Fig. S1 shows that increased STAT5 activation in adult human ALL patients correlate with poor prognosis. Fig. S2 includes the rest of the phenotypic analysis of Stat5b-CA x Rag2−/− leukemic cells. Fig. S3 shows that the leukemic cells are proliferating at a rate similar to littermate control progenitor B cells. Fig. S4 shows that a leukemic cell line produced from a Stat5b-CA x Pax5+/− mouse requires either IL-7 or TSLP for growth and that leukemic cells express increased levels of TSLPR as compared with nonleukemic mice. Fig. S5 shows increased expression of RANKL, CD11a, and BCL2 on leukemic cells as compared with nonleukemic cells. Table S1 contains demographic data for human patient samples. Table S2 provides a list of significant genes (P < 0.01 and FC ≥ 2) from microarray analysis. Table S3 contains lists of genes generated from our microarray analysis and comparison with EBF1- and PAX5-regulated genes. Both activated and repressed gene targets of EBF1 and PAX5 that were significant (P < 0.01) and displayed a twofold change in expression were included. Online supplemental material is available at http://www.jem.org/cgi/content/full/jem.20101947/DC1.
We are grateful to A. Vegoe, R. Agneberg, J. Bednar, C. Anderson, and P. Schoettler for technical assistance with mouse breeding; P. Champoux and N. Shah for assistance with cell sorting; the University of Minnesota’s Supercomputing Institute for providing computing and bioinformatic resources; Dr.

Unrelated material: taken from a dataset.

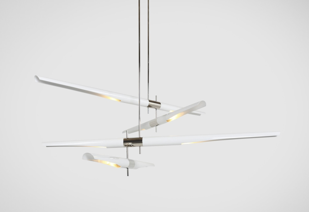 Over the past two decades, his product line has expanded from mainly lighting fixtures to a collection of upholstered seating, side tables and sculptural objects.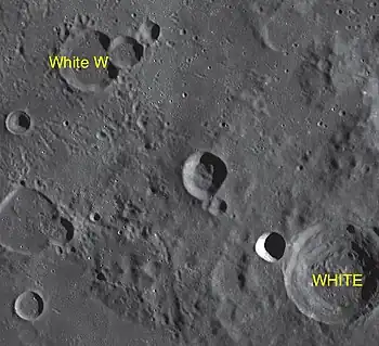 White es un cráter de impacto lunar. Se encuentra en la cara oculta de la Luna, al suroeste de la enorme llanura amurallada del cráter Apolo. Alrededor de un diámetro al sur-suroeste se halla el pequeño cráter Hendrix.

Tim Otter and Crowley Davis Research Inc. for suggesting the initial Stat5b-CA x Ebf1+/− studies; Drs D. Reynaud and H. Singh for DHFL16-JH4 probe; Dr. Meinrad Busslinger and Dr. Rudolf Grosschedl for providing Pax5−/− and Ebf1−/− mice, respectively; and Dr. Michael Burke for critical review of the manuscript.
This work was supported by a Cancer Research Institute Investigator award, a Leukemia and Lymphoma Society Scholar award, and grants from the National Institutes of Health (NIH) to M.A. Farrar. M.J.L. Willette was supported by an NIH training grant (T32-AI07313) and L.B. Ramsey was supported by a University of Minnesota doctoral dissertation fellowship.
The authors have no conflicting financial interests.